While everyone is busy laughing at Avast, I think this is a great opportunity to point out key lessons that might just save you from getting hacked yourself. If that sounds interesting to you, here they are …

Lessons #1: Patch Third-Party Software

The Avast hack was possible because of a security vulnerability in third-party software they were using to support their user forums.

The key lesson: Inventory and patch all the software your organization relies on. Just remember, you have to defend all possible ways into your network and systems, hackers just have to find the one you forgot.

Lesson #2: Always Use Unique Passwords

The Avast attack lead to 400,000 user account credentials being stolen. Yes, they were hashed (a way of minimally protecting passwords), but they can and will be cracked. It’s really just a matter of time before hackers can break the hashing protection and retrieve user passwords.

The key lesson: Re-using passwords is a bad idea. If you’re using the same password across multiple sites, all it takes for one site to get hacked and then you’re hosed on the other site. Use different passwords, it’s probably the easiest thing you can do to protect yourself today.
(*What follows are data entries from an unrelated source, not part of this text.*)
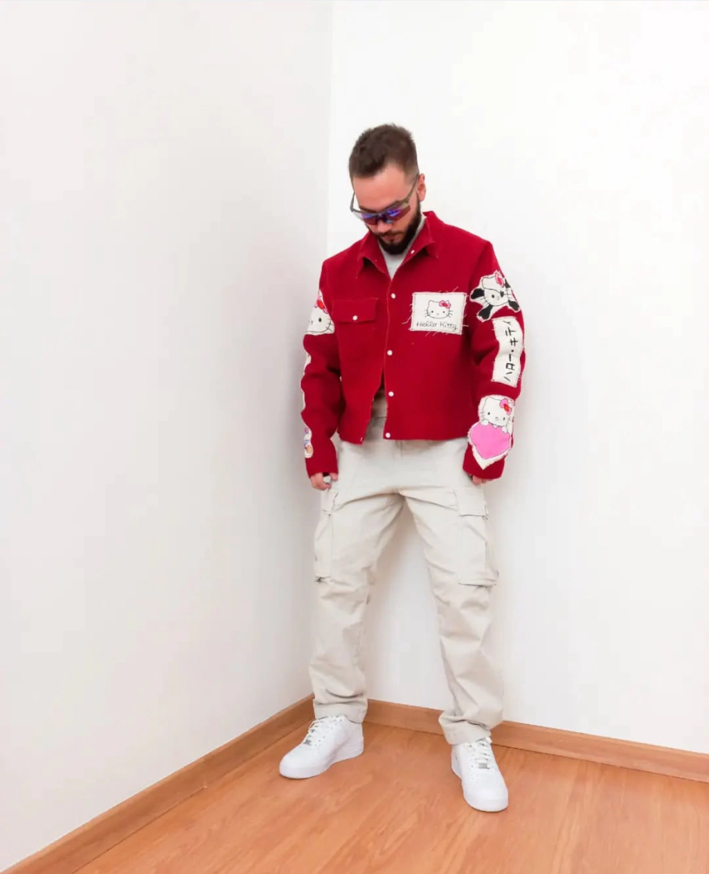 Jaqueta Hello Kitty Autoral, uma peça única feita de soft com forro e fechamento em botões. Os desenhos são confeccionados à mão, trazendo um toque exclusivo e artesanal.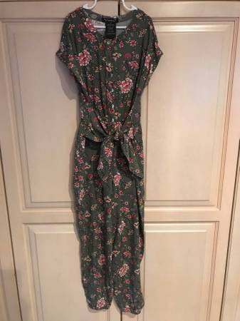 Green Floral Jumpsuit - Big Girls size M, $10.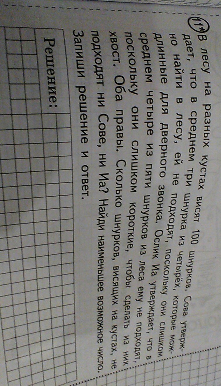 раз сова утверждает, что ей подходит только четвёртый шнурок, то 100:4=25 - столько шнурков для совы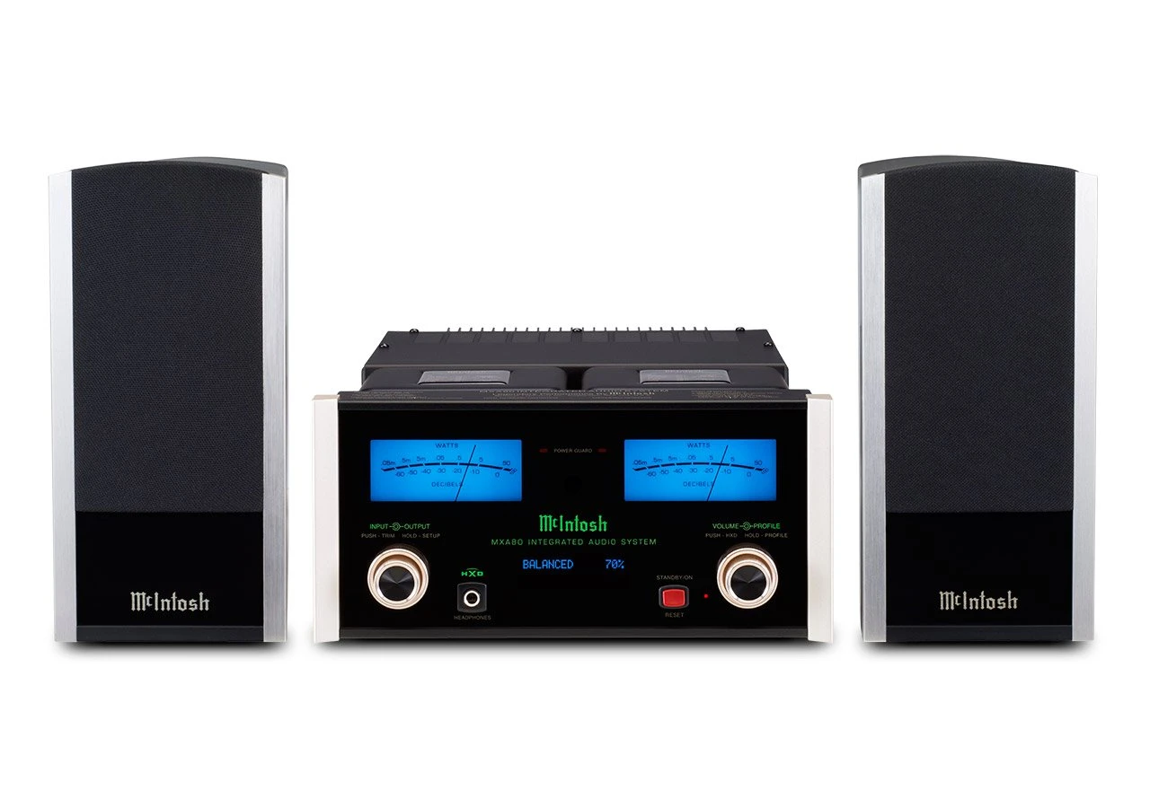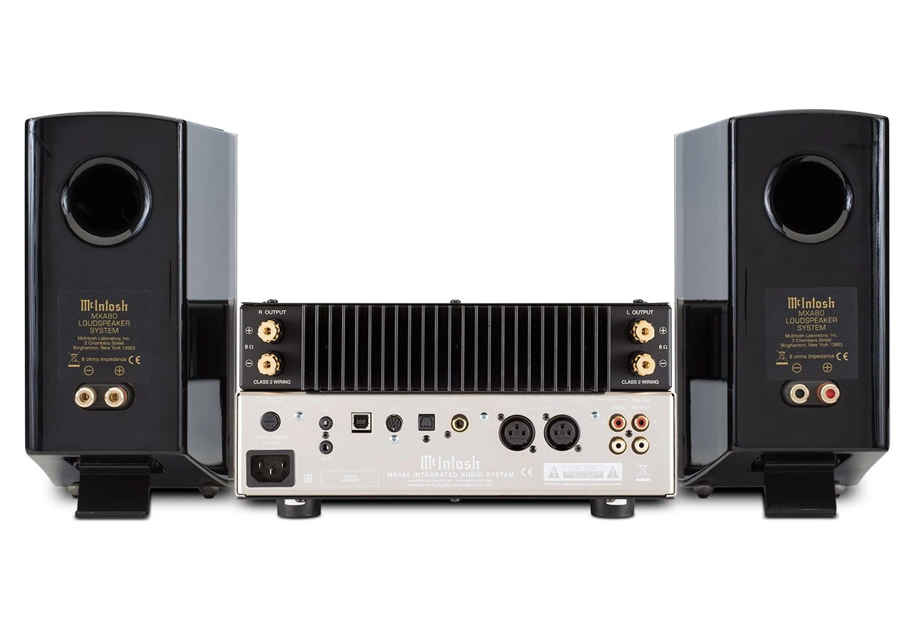 MXA80 features a 50 watt stereo amplifier and a pair of specially designed 2-way desktop speakers that achieve a remarkably rich and full bodied level of performance for their size. A total of six inputs—4 digital and 2 analog—allow you to connect your music sources. The USB input accepts PCM signals up to 32-bit/384kHz and supports DSD64, DSD128, and DSD256 along with DXD 352.8kHz and DXD 384kHz. McIntosh’s exclusive MCT input offers a secure DSD connection to enjoy the high definition audio on SACDs when paired with the MCT450 SACD/CD Transport.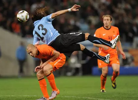 Сборная Голландии стала первым финалистом чемпионата мира по футболу, обыграв команду из Уругвая со счетом 3:2, сообщается на официальном сайте ФИФА. Vesti.kz вел онлайн-трансляцию этого матча. Встреча прошла в Кейптауне на стадионе Green Point. Счет в игре открыл 39-летний капитан "оранжевых" Джованни ван Бронкхорст, точно пробив с 30 метров на 17-й минуте. На 41-й минуте уругвайский нападающий Диего Форлан также с дальнего расстояния забил ответный гол. Во втором тайме подопечные Берта Ван Манрейка отличились дважды. На 69-й минуте полузащитник Голландии Уэсли Снайдер улучшил свой личный рекорд, забив четвертый гол в чемпионате. Через несколько минут хавбек Арьен Роббен окончательно развеял надежды латиноамериканцев, забив гол на 73-й минуте. На первой добавленной минуте к основному времени уругвайский защитник Макси Перейра переиграл нидерландского вратаря Мартена Стекеленбурга, сократив отставание до минимума. Следующий соперник Голландии определится 7 июля в игре сборной Испании против немецкой команды. Vesti.kz также будут вести онлайн-трансляцию этого матча.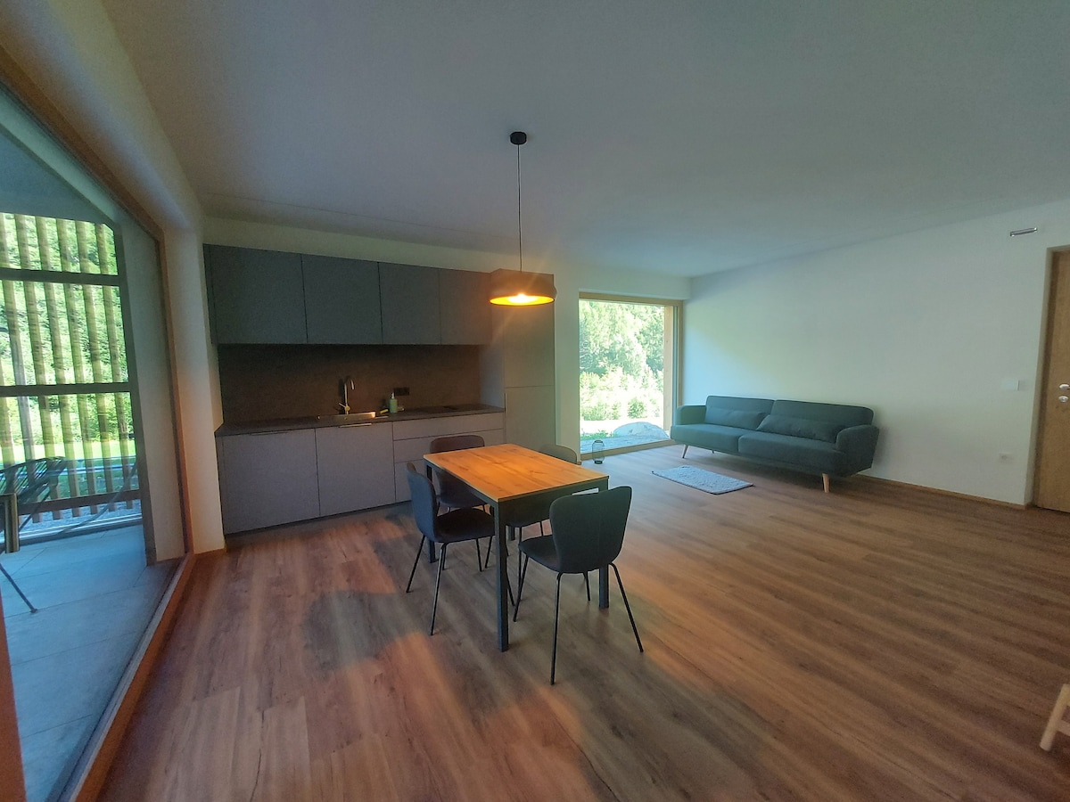 Hof Neuhaus, foirfe do lucht iarrtha na síochána. Tá an t - árasán saoire 82m ² suite ar fheirm agus is féidir le suas le ceathrar aíonna freastal air. Tá seomra suí thar a bheith fairsing san árasán ina bhfuil go leor adhmaid . Chomh maith leis an gcistin mhór, tá seomra leapa fairsing san árasán freisin ina bhfuil leaba dhúbailte déanta as adhmad péine ina bhfuil seomra folctha athchóirithe in aice láimhe. Is féidir an dara leaba dhúbailte a chur ar bun sa seomra suí. Tá ardán mór ag breathnú amach ar na Dolomites

Lesson #3: Keep Your Systems Separated

One really good thing that Avast did, which I think got lost in the report below, is that they kept their systems separated from one another.  That is the forum software that hacked was kept separate from all the other systems in Avast’s more critical networks.

They key lesson: Instead of keeping everything together on a single server or network, split them up by importance or business criticality.  That way you make the job of hackers significantly harder: instead of hacking into just a single system and getting the keys to the kingdom, they need to hack into 2 or more systems. That greatly decreases their chances of success, and increases their chances of getting caught.

Whenever security companies get hacked, reporters love to jump all over those companies. Sure, it’s embarrassing, but also a great opportunity to learn from mistakes so that you don’t get hacked either. Happy Friday and thanks for reading.